▶ **Task details**
Where the line containing "In Het zeeheldenboek" appears, begin retyping; continue exactly through the final line of the data. Omit every picture.

▶ **Data provided**
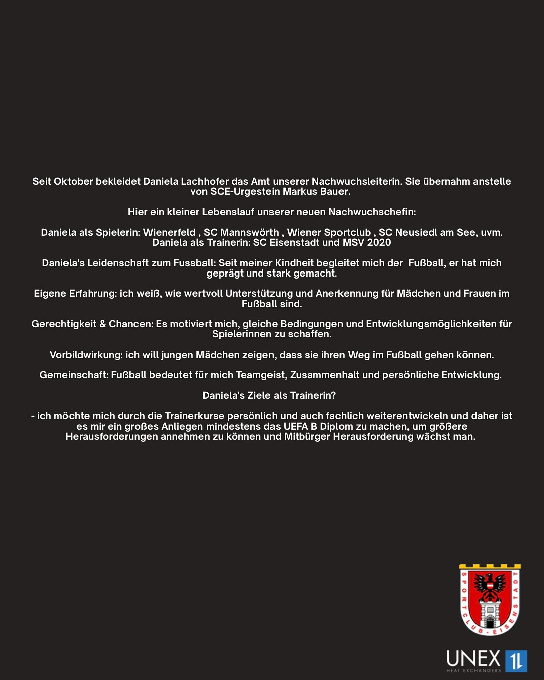 Seit Oktober leitet Daniela Lachhofer unseren Nachwuchsbereich. Mit großer Fußballerfahrung als Spielerin und Trainerin setzt sie ihren Fokus auf faire Entwicklungschancen, Teamgeist sowie die gezielte Förderung von Mädchen und Burschen – sportlich wie menschlich.
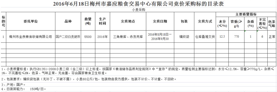 受客戶委托,梅州市嘉應(yīng)糧食交易中心有限公司定于2016年8月18日舉辦糧食競價(jià)交易會(huì),梅州市金良糧食收儲(chǔ)有限公司擬采購2016年產(chǎn)二級(jí)硬質(zhì)小麥5500噸。
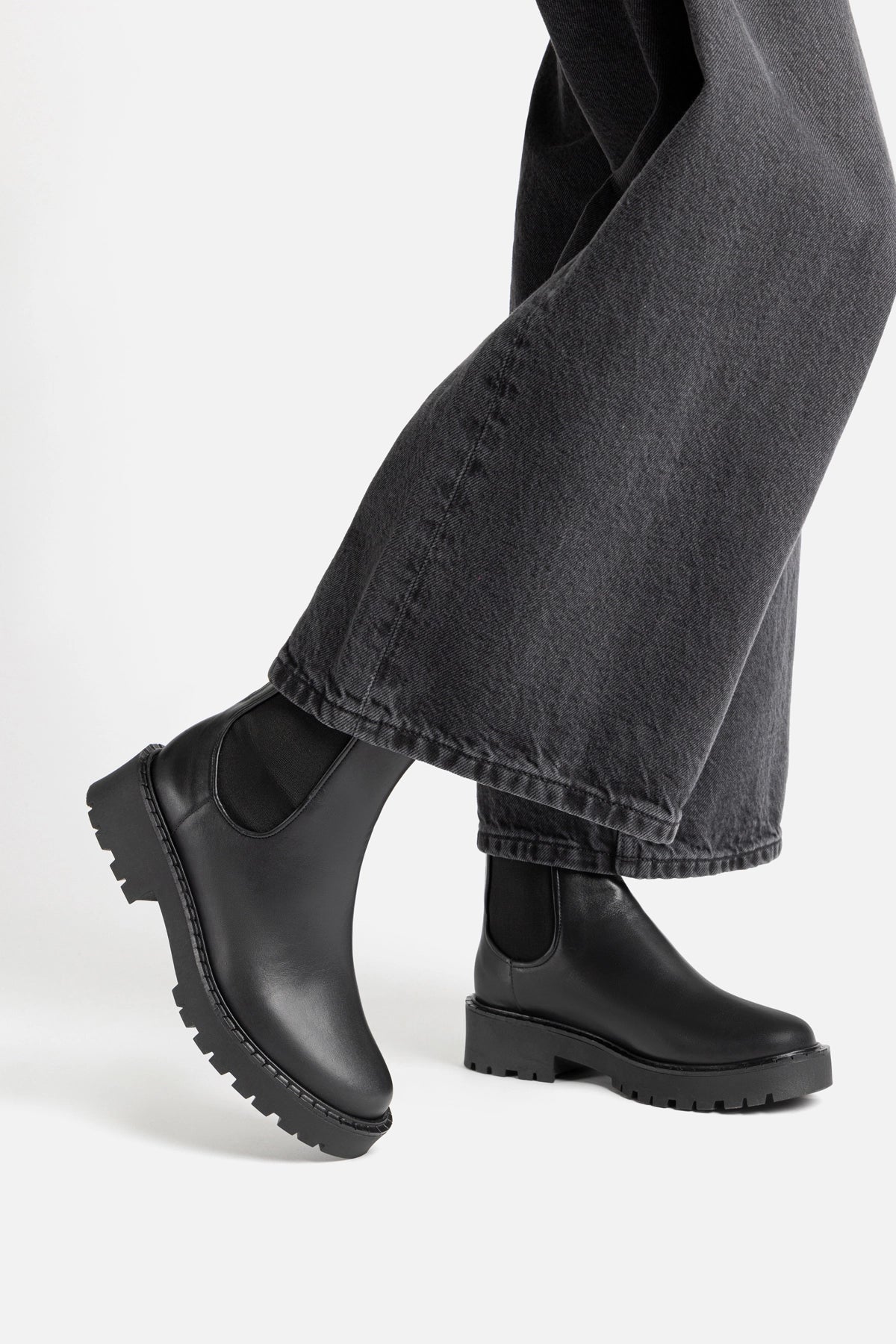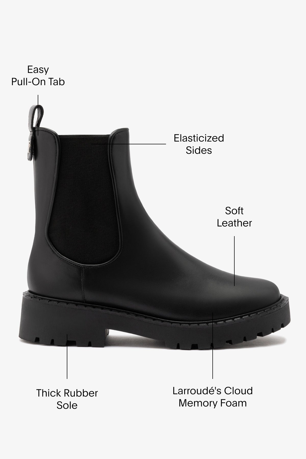 This pull-on bootie pairs minimalist design with maximum impact. Grounded by a chunky lug sole, it features elasticized side panels for a flexible, slip-on fit. No laces, no fuss—just bold style.
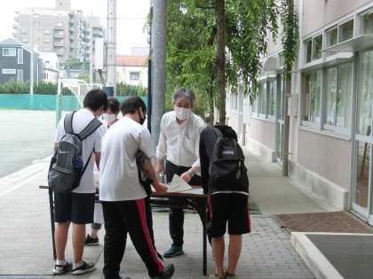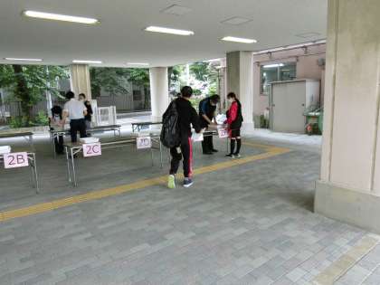 本日は2,3年生が分散で登校いたしました。2年生は身体計測があるのでジャージを着用しての登校です。
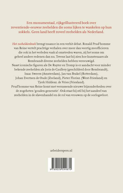 In Het zeeheldenboek schrijft Ronald Prud’homme van Reine over de veertig ‘populairste’ Nederlandse zeehelden uit de zeventiende eeuw. Naast bekende figuren als De Ruyter en Tromp is er ook aandacht voor onbekende zeehelden als Joris de Caullery, geschilderd door Rembrandt, Isaac Sweers (Amsterdam), Jan van Brakel (Rotterdam) en Johan Evertsen de Oude (Zeeland. Prud’homme van Reine komt met verrassende nieuwe bijzonderheden over de zogeheten ‘gouden generatie’. Ook staat hij stil bij het aandeel van zeehelden in de slavenhandel en de rol van vrouwen op de oorlogsvloot.
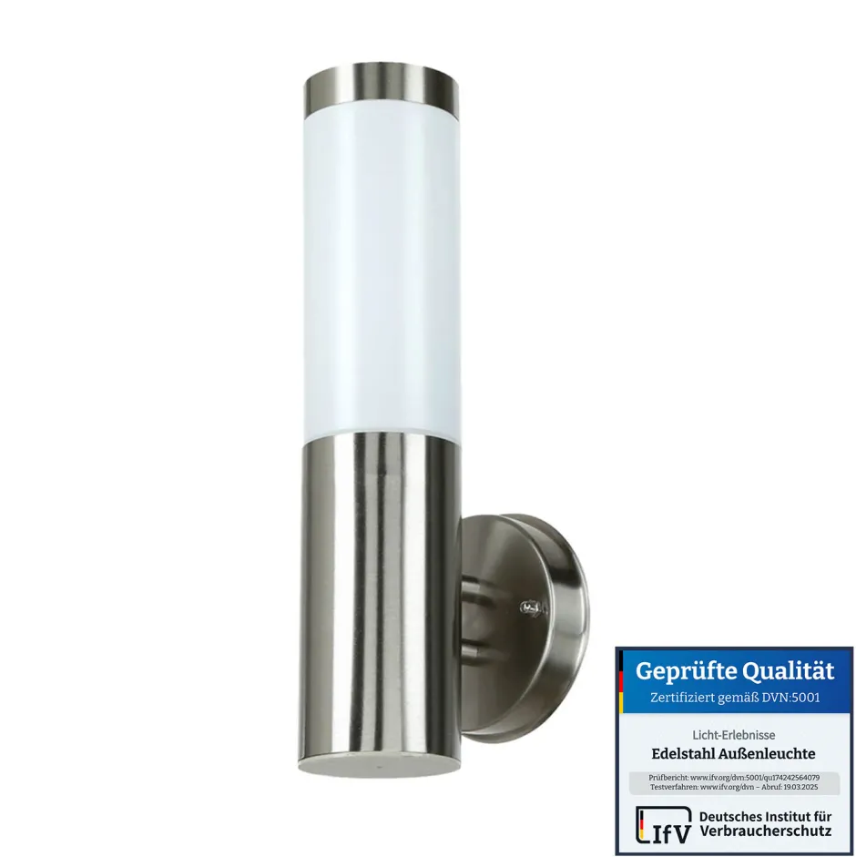 Die witterungsbeständige Außenleuchte aus Edelstahl ist ideal, um Einfahrt, Balkon oder Terrasse zu beleuchten

▶ **Worked solution**
 In Het zeeheldenboek schrijft Ronald Prud’homme van Reine over de veertig ‘populairste’ Nederlandse zeehelden uit de zeventiende eeuw. Naast bekende figuren als De Ruyter en Tromp is er ook aandacht voor onbekende zeehelden als Joris de Caullery, geschilderd door Rembrandt, Isaac Sweers (Amsterdam), Jan van Brakel (Rotterdam) en Johan Evertsen de Oude (Zeeland. Prud’homme van Reine komt met verrassende nieuwe bijzonderheden over de zogeheten ‘gouden generatie’. Ook staat hij stil bij het aandeel van zeehelden in de slavenhandel en de rol van vrouwen op de oorlogsvloot.
 Die witterungsbeständige Außenleuchte aus Edelstahl ist ideal, um Einfahrt, Balkon oder Terrasse zu beleuchten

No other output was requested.